**Extracted information**
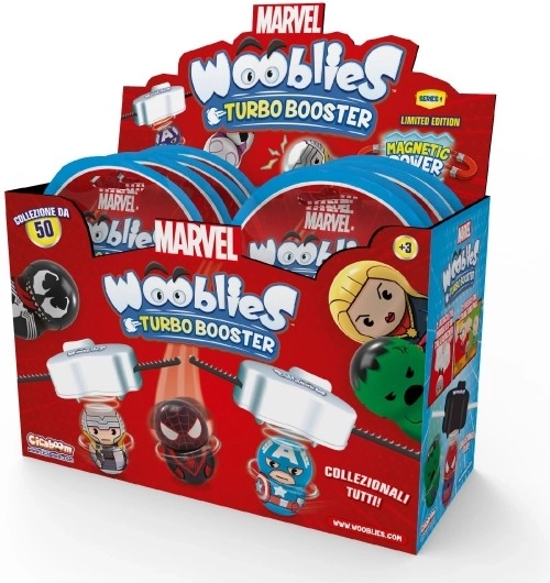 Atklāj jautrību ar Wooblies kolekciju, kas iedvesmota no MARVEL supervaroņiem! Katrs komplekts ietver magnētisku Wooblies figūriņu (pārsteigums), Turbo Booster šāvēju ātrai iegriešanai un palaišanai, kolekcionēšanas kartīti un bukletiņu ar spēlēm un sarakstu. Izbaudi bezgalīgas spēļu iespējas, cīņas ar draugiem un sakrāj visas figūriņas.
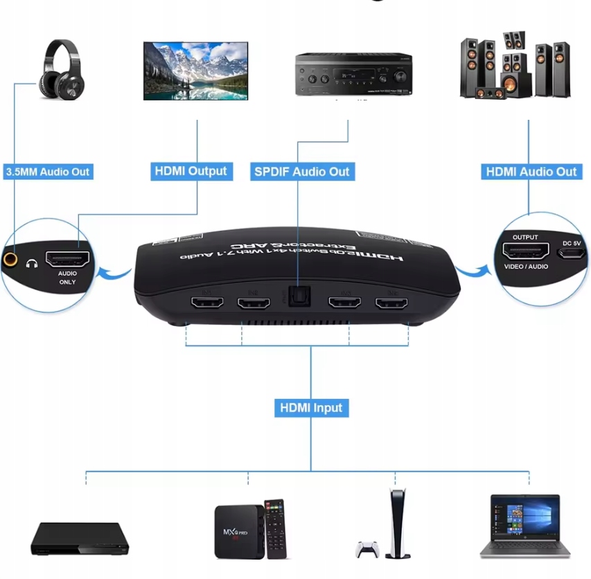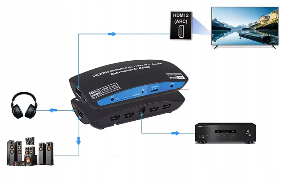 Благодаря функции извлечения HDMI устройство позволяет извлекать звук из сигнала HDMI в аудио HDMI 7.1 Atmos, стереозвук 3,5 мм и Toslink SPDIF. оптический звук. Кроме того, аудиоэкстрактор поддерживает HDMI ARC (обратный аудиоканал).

---

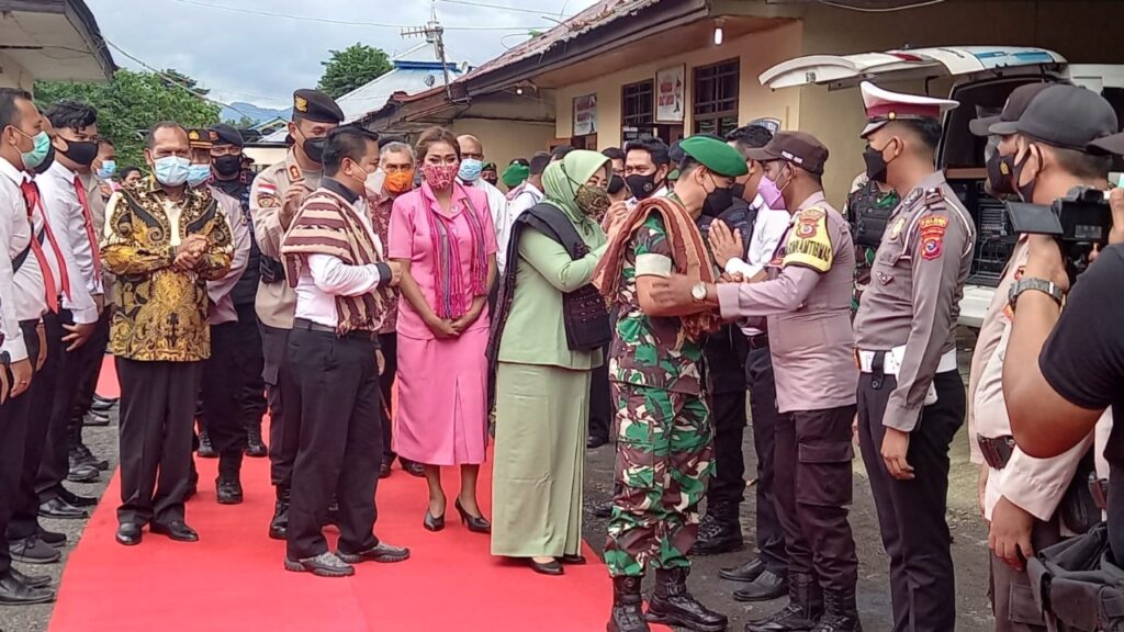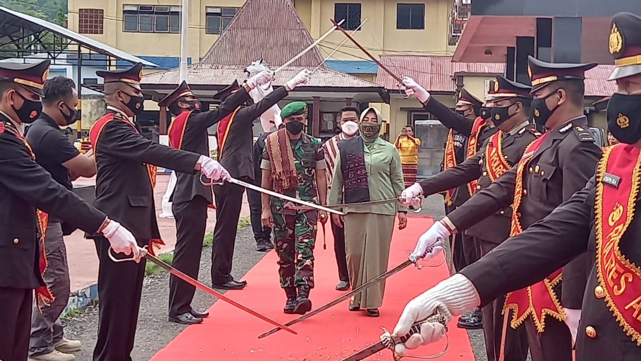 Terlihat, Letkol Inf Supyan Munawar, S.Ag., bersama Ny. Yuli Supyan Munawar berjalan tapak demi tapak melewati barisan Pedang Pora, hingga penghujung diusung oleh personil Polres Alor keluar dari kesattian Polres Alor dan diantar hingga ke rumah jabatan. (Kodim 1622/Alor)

**Task instructions**
Give back the exact lines above, running from the one that has "Atklāj jautrību ar" through the one that has "Благодаря функции извлечения", with nothing added and no pictures.

**Written answer**
 Atklāj jautrību ar Wooblies kolekciju, kas iedvesmota no MARVEL supervaroņiem! Katrs komplekts ietver magnētisku Wooblies figūriņu (pārsteigums), Turbo Booster šāvēju ātrai iegriešanai un palaišanai, kolekcionēšanas kartīti un bukletiņu ar spēlēm un sarakstu. Izbaudi bezgalīgas spēļu iespējas, cīņas ar draugiem un sakrāj visas figūriņas.
 Благодаря функции извлечения HDMI устройство позволяет извлекать звук из сигнала HDMI в аудио HDMI 7.1 Atmos, стереозвук 3,5 мм и Toslink SPDIF. оптический звук. Кроме того, аудиоэкстрактор поддерживает HDMI ARC (обратный аудиоканал).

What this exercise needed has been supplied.